Кто бы ни отзывался о «Розах», все, быстро оставив в стороне их поэтику, говорят об их философии и своих эмоциях. В главном журнале русской эмиграции, «Современных записках» (1931, кн. XLVI), рецензия Константина Мочульского сводится именно к этому:
«Вот передо мной три сборника Георгия Иванова: „Вереск", „Сады" и „Розы". Я ощущаю их словесный материал, я замечаю сходные черты <…>. И вся эта работа была бы бесплодной, так как в поэзии само понятие „развитие" — бессмысленно. Связь прошлого с настоящим разорвана, никакого накопления опыта не происходит, и несмотря на „художественную традицию" <…>, каждое новое стихотворение рождается чудом из ничего. <…> Никому еще не удавалось „доказать" поэзию. Поэтому критику остается только выражать „немотивированные мнения". И вот одно из них: до „Роз" Г. Иванов был тонким мастером, изысканным стихотворцем, писавшим „прелестные", „очаровательные" стихи. В „Розах" он стал поэтом.

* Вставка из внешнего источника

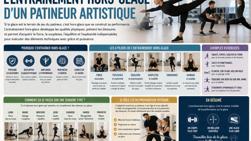 Hormis l’entraînement de ses sauts et des autres positions à la patinoire, le patineur doit également effectuer un autre échauffement, qui est un entrainement hors-glace. C’est un travail disciplinaire et préparatoire qui a pour but d’améliorer les performances lors des sorties sur glace.

И это „стал" — совсем не завершение прошлого, не предел какого-то развития, а просто — новый факт» (с. 502—503).
Достоинство «Роз», по Мочульскому, состоит в том, что их автор, не говоря мудрено о «последних вещах», обо всем говорит — «в последний раз». «Лирика всегда — прощание, разлука; лирика — всегда о смерти. Как у Блока: Муза — Прекрасная Дама — Смерть. Поэт, посвященный в эту тайну, знает, что „Тот блажен, кто умирает…"» (там же, с. 504).